* **What you should do**:
Write out the stretch of lines below that begins at the line with "Cover the pan" and ends at the line with "Can Picafort: Very", including both, exactly as given and nothing more.

* **Data supplied**:

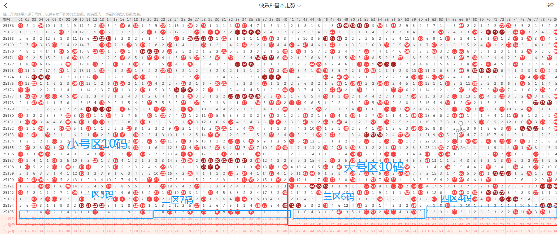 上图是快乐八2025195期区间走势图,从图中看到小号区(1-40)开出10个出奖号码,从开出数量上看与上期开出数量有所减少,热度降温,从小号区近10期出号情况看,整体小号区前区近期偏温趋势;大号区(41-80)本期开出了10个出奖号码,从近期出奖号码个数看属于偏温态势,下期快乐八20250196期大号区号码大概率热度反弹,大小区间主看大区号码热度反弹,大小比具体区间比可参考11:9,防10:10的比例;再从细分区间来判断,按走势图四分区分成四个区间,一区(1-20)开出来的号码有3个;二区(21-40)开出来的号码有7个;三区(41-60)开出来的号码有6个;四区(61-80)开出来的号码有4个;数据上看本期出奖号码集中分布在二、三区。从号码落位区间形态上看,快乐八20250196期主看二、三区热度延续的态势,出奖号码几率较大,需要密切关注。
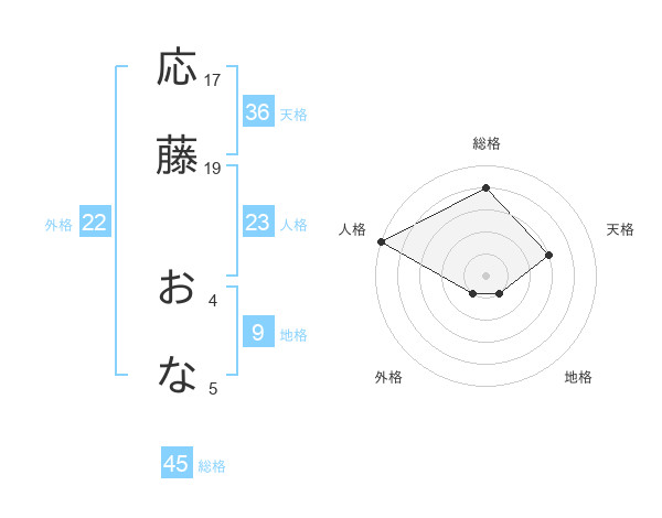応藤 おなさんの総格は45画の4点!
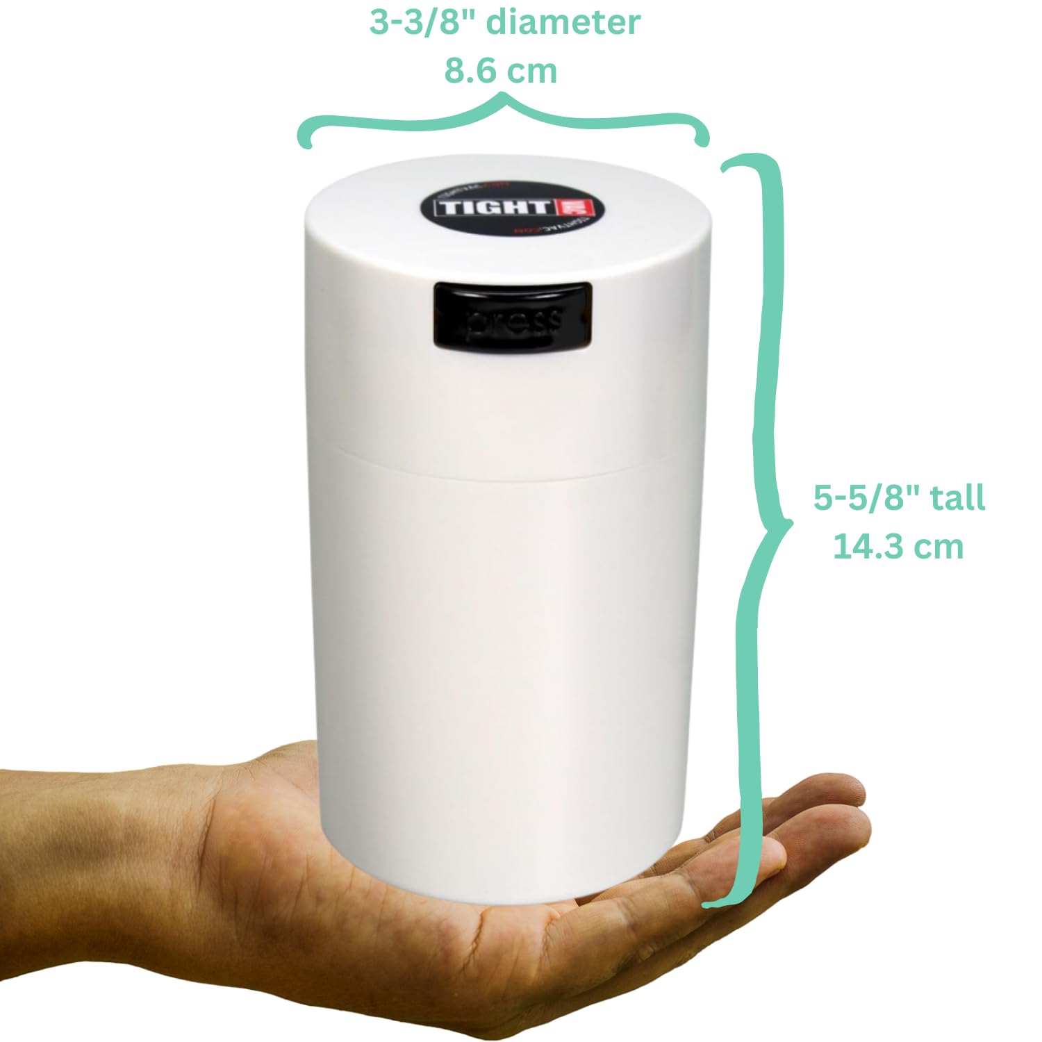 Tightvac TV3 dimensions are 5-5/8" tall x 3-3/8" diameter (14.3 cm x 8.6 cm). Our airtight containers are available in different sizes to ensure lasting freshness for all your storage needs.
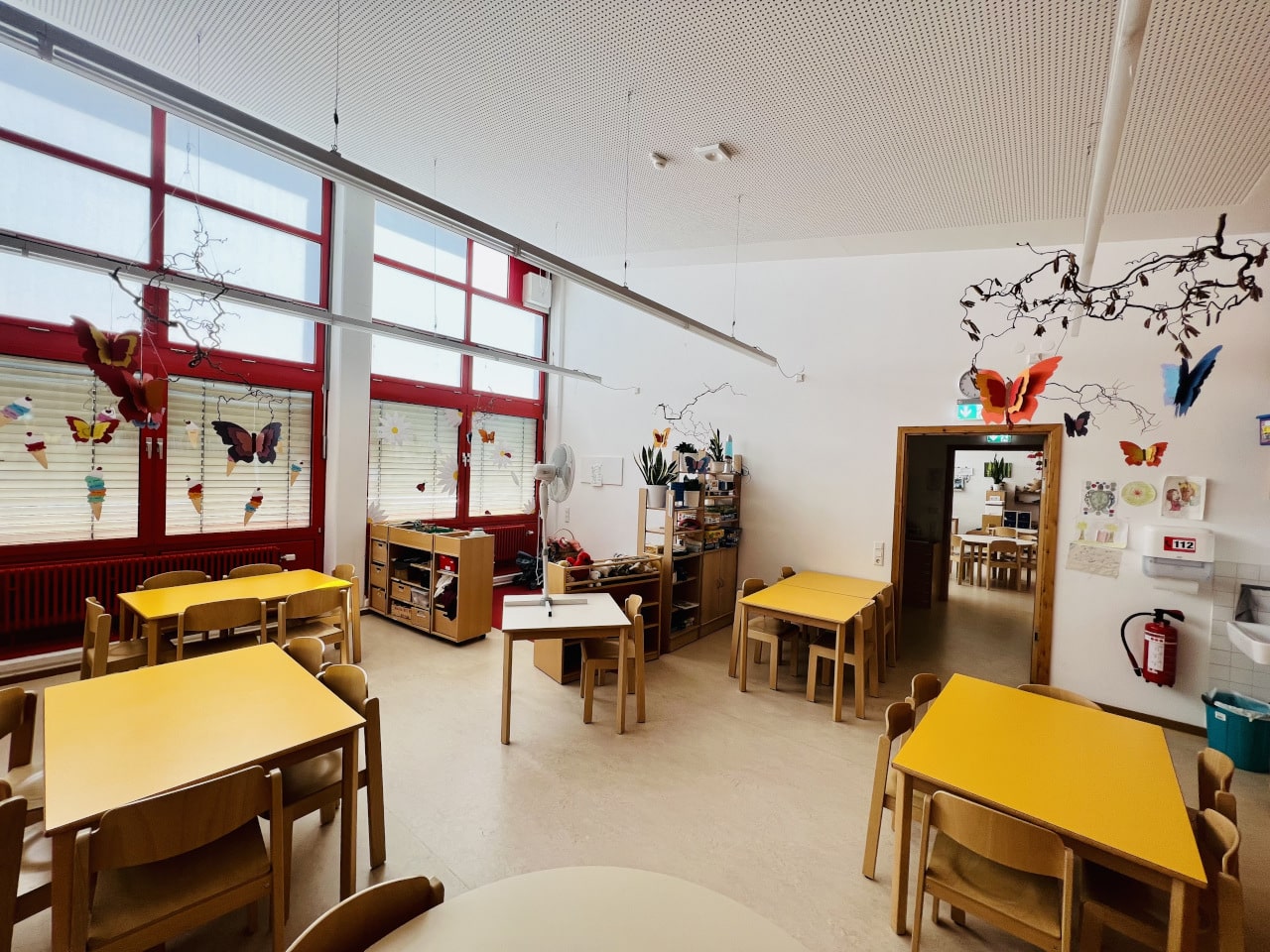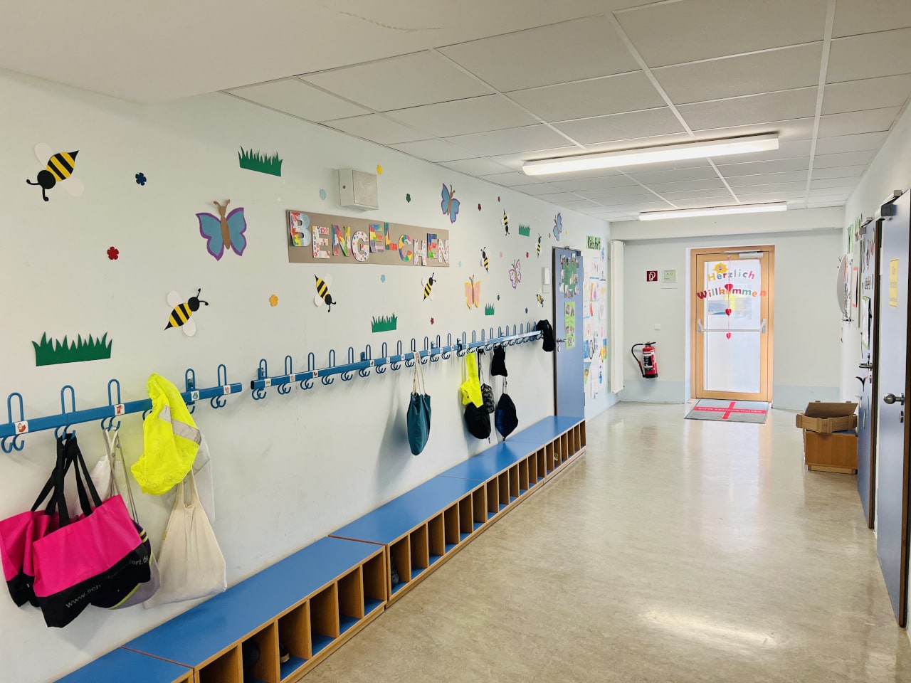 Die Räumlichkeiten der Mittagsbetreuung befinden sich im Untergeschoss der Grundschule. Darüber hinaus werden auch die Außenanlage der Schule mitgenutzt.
* * *
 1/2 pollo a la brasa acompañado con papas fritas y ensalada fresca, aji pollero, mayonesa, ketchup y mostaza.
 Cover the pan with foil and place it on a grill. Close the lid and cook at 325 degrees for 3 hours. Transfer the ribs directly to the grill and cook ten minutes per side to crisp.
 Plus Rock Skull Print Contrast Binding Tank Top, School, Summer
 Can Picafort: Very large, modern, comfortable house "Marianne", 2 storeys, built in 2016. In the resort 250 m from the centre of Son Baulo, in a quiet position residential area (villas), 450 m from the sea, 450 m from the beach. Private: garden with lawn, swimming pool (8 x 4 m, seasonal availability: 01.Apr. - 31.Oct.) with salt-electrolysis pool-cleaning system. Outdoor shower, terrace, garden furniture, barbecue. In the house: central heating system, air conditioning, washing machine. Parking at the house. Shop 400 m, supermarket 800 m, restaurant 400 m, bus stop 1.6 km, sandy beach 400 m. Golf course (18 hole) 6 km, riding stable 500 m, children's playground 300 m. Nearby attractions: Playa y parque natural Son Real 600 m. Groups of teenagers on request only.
==
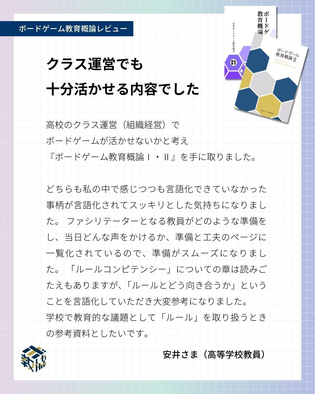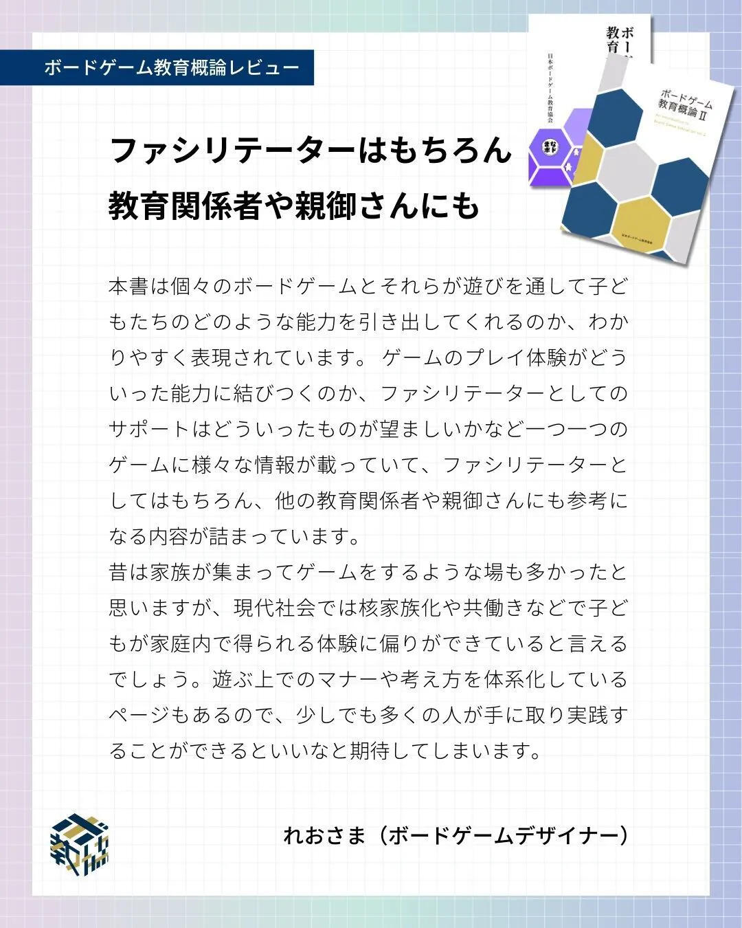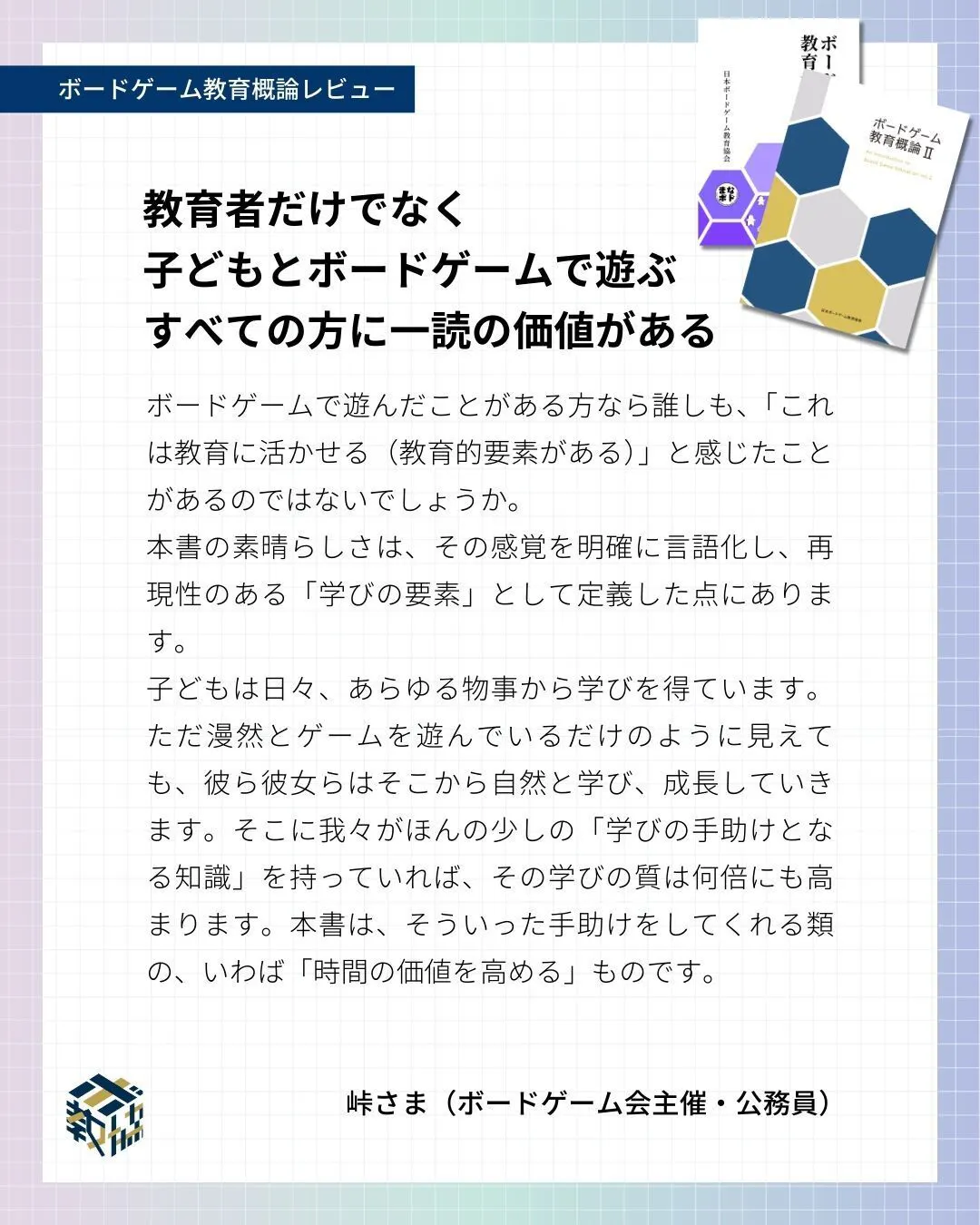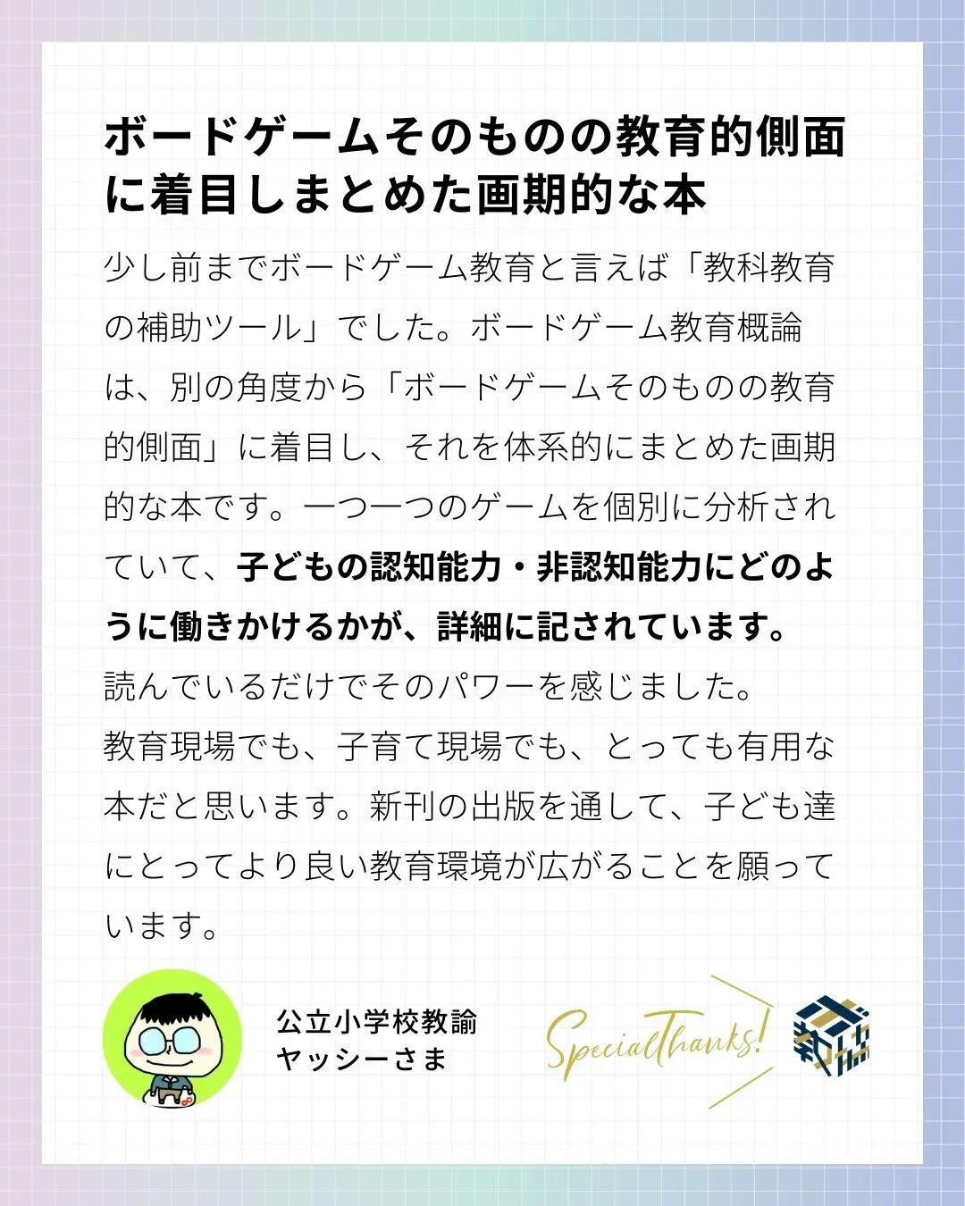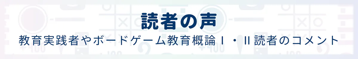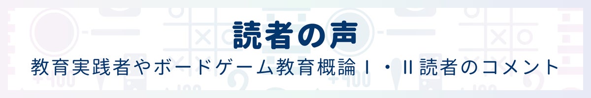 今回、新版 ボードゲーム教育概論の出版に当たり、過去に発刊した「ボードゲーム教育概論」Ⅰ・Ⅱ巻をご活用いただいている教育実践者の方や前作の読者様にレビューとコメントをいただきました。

* **Exercise output**:
 Cover the pan with foil and place it on a grill. Close the lid and cook at 325 degrees for 3 hours. Transfer the ribs directly to the grill and cook ten minutes per side to crisp.
 Plus Rock Skull Print Contrast Binding Tank Top, School, Summer
 Can Picafort: Very large, modern, comfortable house "Marianne", 2 storeys, built in 2016. In the resort 250 m from the centre of Son Baulo, in a quiet position residential area (villas), 450 m from the sea, 450 m from the beach. Private: garden with lawn, swimming pool (8 x 4 m, seasonal availability: 01.Apr. - 31.Oct.) with salt-electrolysis pool-cleaning system. Outdoor shower, terrace, garden furniture, barbecue. In the house: central heating system, air conditioning, washing machine. Parking at the house. Shop 400 m, supermarket 800 m, restaurant 400 m, bus stop 1.6 km, sandy beach 400 m. Golf course (18 hole) 6 km, riding stable 500 m, children's playground 300 m. Nearby attractions: Playa y parque natural Son Real 600 m. Groups of teenagers on request only.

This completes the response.